In other words, we have an exponential number of subsets to try! Not only is that a HUGE number of feature subsets even for a relatively small number, but on top of that, we have to run cross-validation on each feature subset.
This is prohibitively expensive from a computational standpoint. Imagine how intractable this technique would be with our 10,000 feature set for building our spam classifier! So, what do we do?
Notice that our best-subset feature selection technique guarantees finding the optimal feature set, since we are literally trying every possible combination. This optimality comes at a price, namely waiting an impossibly long time for finding the best subset on even small problems.
But what if we don’t have to strictly achieve optimality? What if for our purposes, all we need is good enough? Forward-stepwise selection helps us do just that: get good enough (Yay, C’s get degrees).
How does it work? Forward step-wise selection basically functions as follows: Assume we have $k$ features in total to choose from. We will order these features as $f_1$, $f_2$, …, $f_k$, and let $S$ denote our best performing feature set so far. We execute the following procedure:
Initially start with $S$ being the empty set (so no features).

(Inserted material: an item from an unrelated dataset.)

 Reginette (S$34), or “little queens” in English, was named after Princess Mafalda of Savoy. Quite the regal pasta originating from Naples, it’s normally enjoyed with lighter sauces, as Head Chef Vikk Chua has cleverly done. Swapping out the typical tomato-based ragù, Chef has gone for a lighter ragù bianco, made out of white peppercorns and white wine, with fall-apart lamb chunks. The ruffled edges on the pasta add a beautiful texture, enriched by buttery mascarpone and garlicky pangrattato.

Repeat the following process: for each of the $k$ features we can choose from, let $S_k$ be the feature set with feature $f_k$ added to $S$. Run cross-validation using $S_k$. At the end assign $S$ to the best performing $S_k$ among all the $S_k$ created during the loop.

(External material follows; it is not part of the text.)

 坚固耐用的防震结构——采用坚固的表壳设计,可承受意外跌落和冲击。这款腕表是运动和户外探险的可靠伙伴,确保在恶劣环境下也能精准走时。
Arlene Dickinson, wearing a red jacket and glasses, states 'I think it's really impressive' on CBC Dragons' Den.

Run the loop in 2) until our set
Hence, at the beginning $S$ is empty. Let’s say we have three potential features $f_1$, $f_2$, and $f_3$. We will run cross-validation three times, adding a single feature to $S$ each time. Hence we will have one run with the feature set $\{f_1\}$, one with $\{f_2\}$, and one with $\{f_3\}$.
The feature set with the best generalization error will be used for $S$. We then repeat this process, greedily adding a single feature to our new $S$ each time, based on best generalization error.
And that’s it! Notice that for this particular algorithm we can only run cross-validation up to order $k^2$ times (can you see why?) This is clearly MUCH better than running cross-validation an exponential number of times, which is what we get with best-subset selection.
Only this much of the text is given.